Document Type

Article

Publication Date

7-4-2019

Journal / Book Title

European Journal of Work and Organizational Psychology

Abstract

Major reviews of psychological empowerment (PE) suggest four broad sources to becoming empowered: organizational, leadership, job, and dispositional. This study examines the redundancy, uniqueness, and relative importance within and across these situational and dispositional domains using commonality and dominance analyses. Across multiple samples, we find (a) within socio-structural domains, empowering leadership, knowledge sharing, and task significance are the most unique organizational sources of PE, (b) dispositional predictors augment situational features in explaining PE, and, perhaps most importantly, (c) job characteristics (JC) along with core self-evaluation (CSE) occupy the most dominant role on PE. In study 1 (N = 229), rank and CSE accounted for 64% of the variance in PE after accounting for information distribution, leadership, and the Big Five. Controlling for expanded Big Five inventory, leadership constructs, and socio-structurally features, study 2 (N = 171) finds general dominance of task significance (14%), empowering leadership (19%), and reduced, albeit incremental, effect of CSE (10%).
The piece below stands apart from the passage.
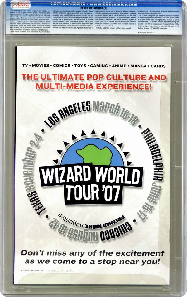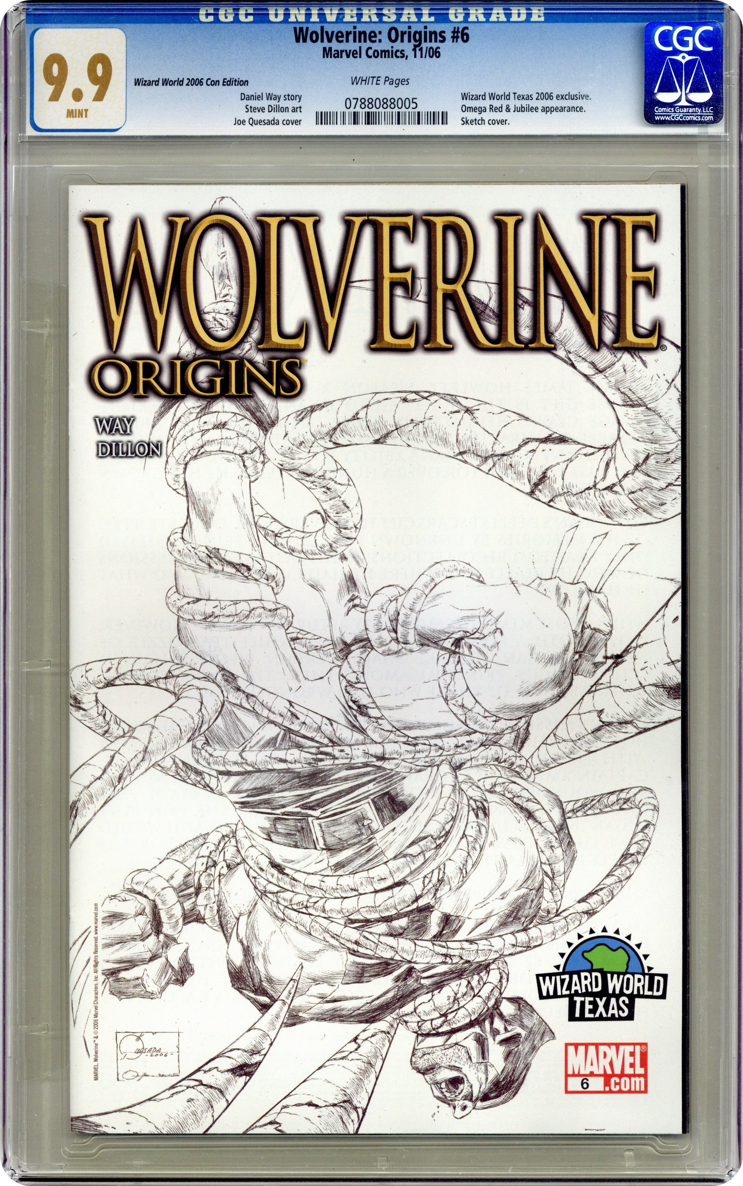 Wizard World Texas Sketch Cover by Joe Quesada. Written by DANIEL WAY. Penciled by STEVE DILLON. Cover by JOE QUESADA. Beginning the second arc! 'SAVIOR' Part 1 (of 5) Completely shattered by the revelations of last issue, Logan must now ask himself some hard-almost impossible-questions, such as whether or not he can continue on his quest...or if he even should. Though he now remembers who he was, the more pressing questions becomes who-and what-is he now? Answering these questions will take the help of one of Logan's closest friends...and one of his deadliest enemies...OMEGA RED! 32 PGS./Parental Advisory Grade: CGC 9.9 explanation of grade Condition: Used (collectible)

Finally, study 3 (N = 386) replicates the large (30%) and moderately (10%) dominant effects of multiple JC dimensions and CSE. Implications call for a micro-level approach to PE emphasizing expanded roles, broadened self-concept, and personal impact on society rather than inspiring managers or organizational practices.

DOI

10.1080/1359432X.2019.1624532

Published Citation

Simonet, D. V., Miller, K. E., Luu, S., Askew, K. L., Narayan, A., Cunningham, S., ... & Kobezak, H. M. (2019). Who is empowered? Relative importance of dispositional and situational sources to psychological empowerment. European Journal of Work and Organizational Psychology, 28(4), 536-554.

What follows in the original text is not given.